# Provided records
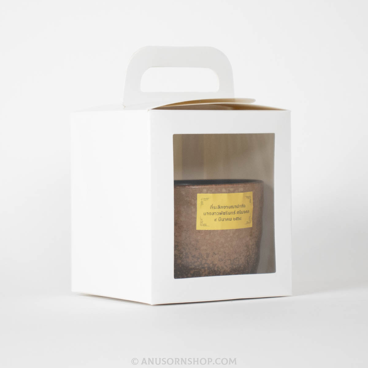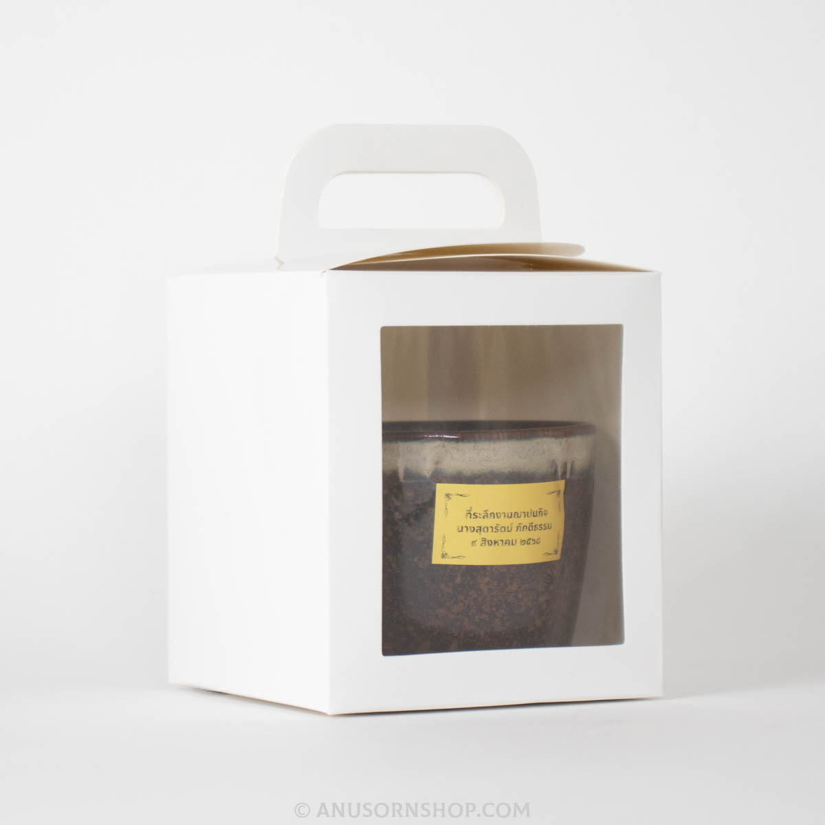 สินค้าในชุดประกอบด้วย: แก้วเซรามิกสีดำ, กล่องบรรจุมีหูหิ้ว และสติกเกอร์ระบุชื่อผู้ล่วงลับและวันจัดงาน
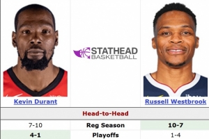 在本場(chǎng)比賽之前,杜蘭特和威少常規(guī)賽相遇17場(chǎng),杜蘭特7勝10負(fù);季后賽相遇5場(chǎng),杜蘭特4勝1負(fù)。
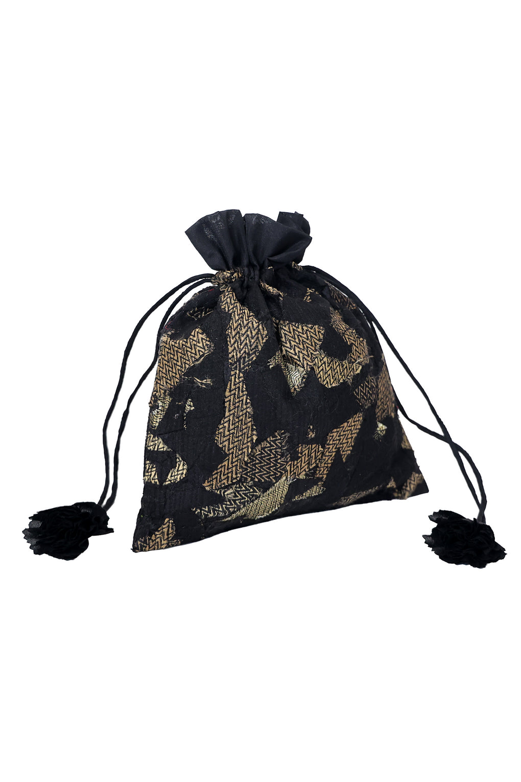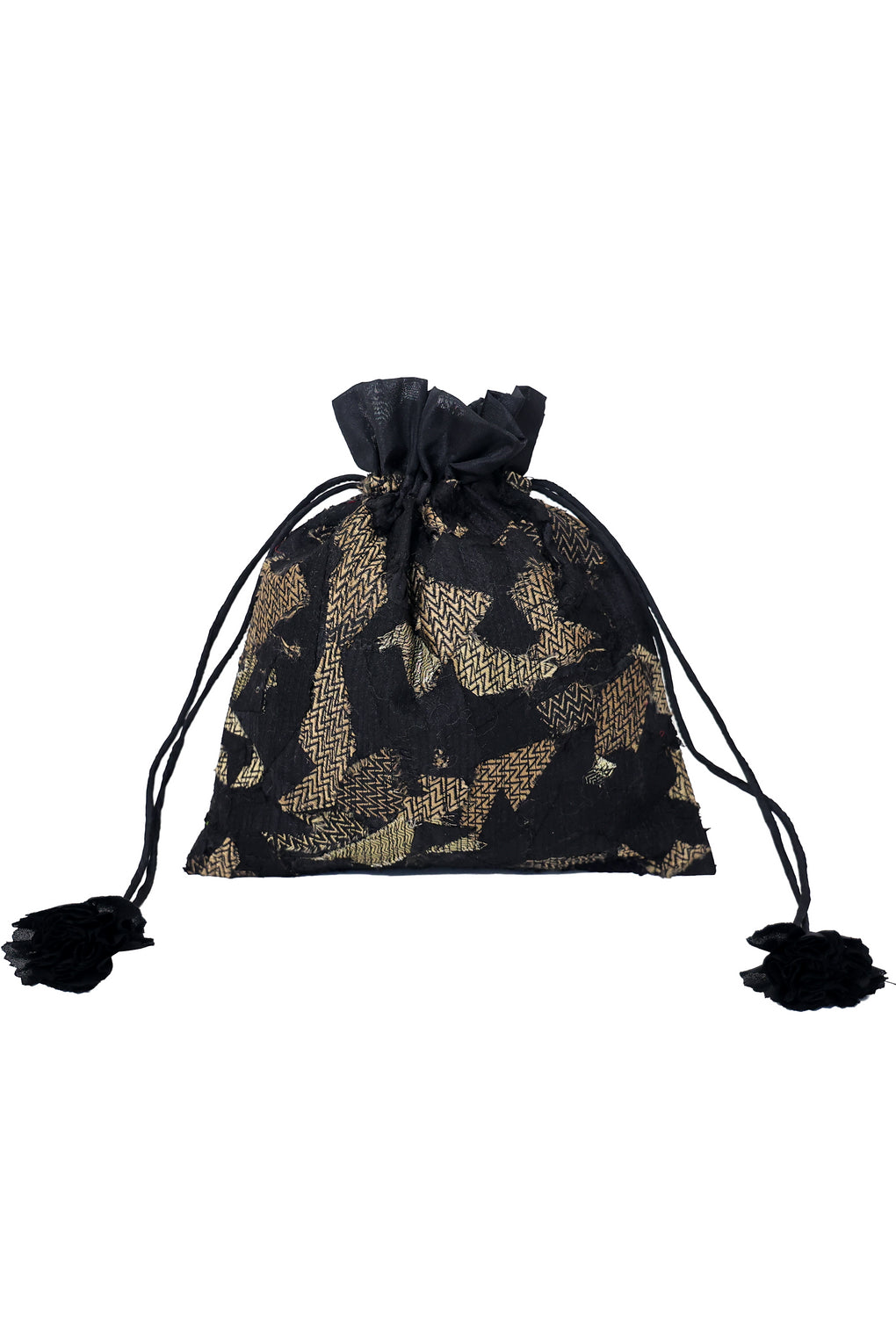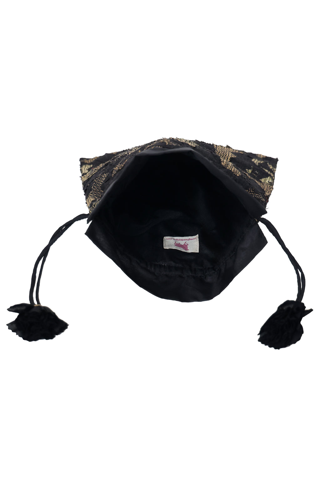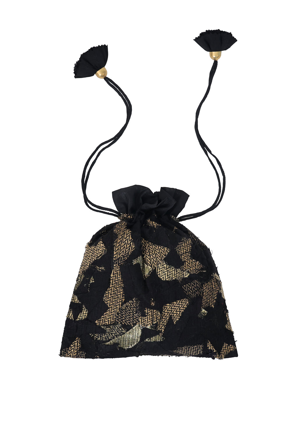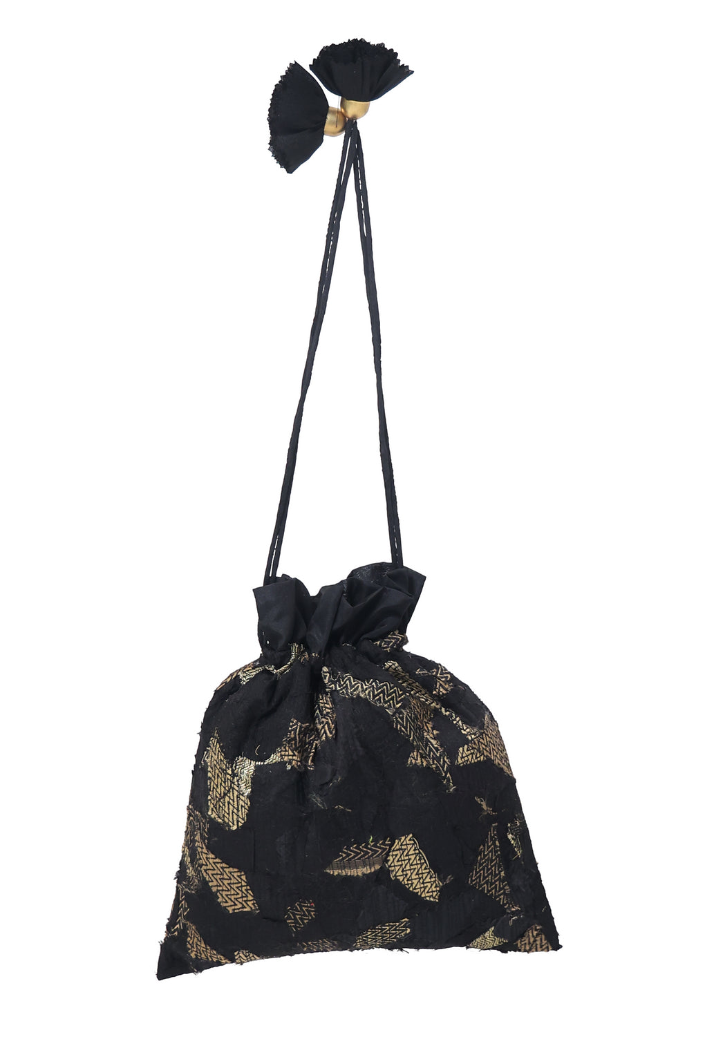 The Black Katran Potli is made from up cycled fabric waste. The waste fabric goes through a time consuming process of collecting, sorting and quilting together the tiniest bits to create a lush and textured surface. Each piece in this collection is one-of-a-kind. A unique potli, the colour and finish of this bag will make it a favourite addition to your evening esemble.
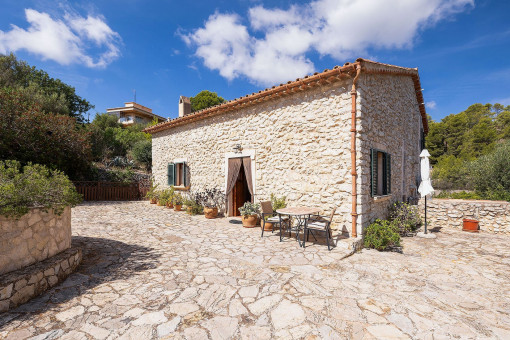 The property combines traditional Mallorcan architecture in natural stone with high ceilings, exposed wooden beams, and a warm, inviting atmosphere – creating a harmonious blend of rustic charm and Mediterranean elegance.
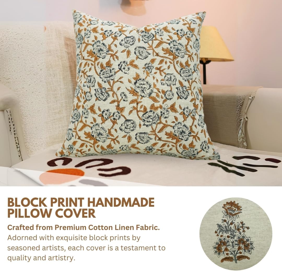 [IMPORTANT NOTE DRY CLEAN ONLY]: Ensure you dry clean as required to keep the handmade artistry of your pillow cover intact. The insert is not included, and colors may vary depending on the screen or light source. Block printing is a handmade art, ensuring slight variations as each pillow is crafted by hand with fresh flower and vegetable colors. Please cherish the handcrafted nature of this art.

# Description of the task
Across all the lines above, repeat the wording exactly and omit the pictures.

# Exercise result
 สินค้าในชุดประกอบด้วย: แก้วเซรามิกสีดำ, กล่องบรรจุมีหูหิ้ว และสติกเกอร์ระบุชื่อผู้ล่วงลับและวันจัดงาน
 在本場(chǎng)比賽之前,杜蘭特和威少常規(guī)賽相遇17場(chǎng),杜蘭特7勝10負(fù);季后賽相遇5場(chǎng),杜蘭特4勝1負(fù)。
 The Black Katran Potli is made from up cycled fabric waste. The waste fabric goes through a time consuming process of collecting, sorting and quilting together the tiniest bits to create a lush and textured surface. Each piece in this collection is one-of-a-kind. A unique potli, the colour and finish of this bag will make it a favourite addition to your evening esemble.
 The property combines traditional Mallorcan architecture in natural stone with high ceilings, exposed wooden beams, and a warm, inviting atmosphere – creating a harmonious blend of rustic charm and Mediterranean elegance.
 [IMPORTANT NOTE DRY CLEAN ONLY]: Ensure you dry clean as required to keep the handmade artistry of your pillow cover intact. The insert is not included, and colors may vary depending on the screen or light source. Block printing is a handmade art, ensuring slight variations as each pillow is crafted by hand with fresh flower and vegetable colors. Please cherish the handcrafted nature of this art.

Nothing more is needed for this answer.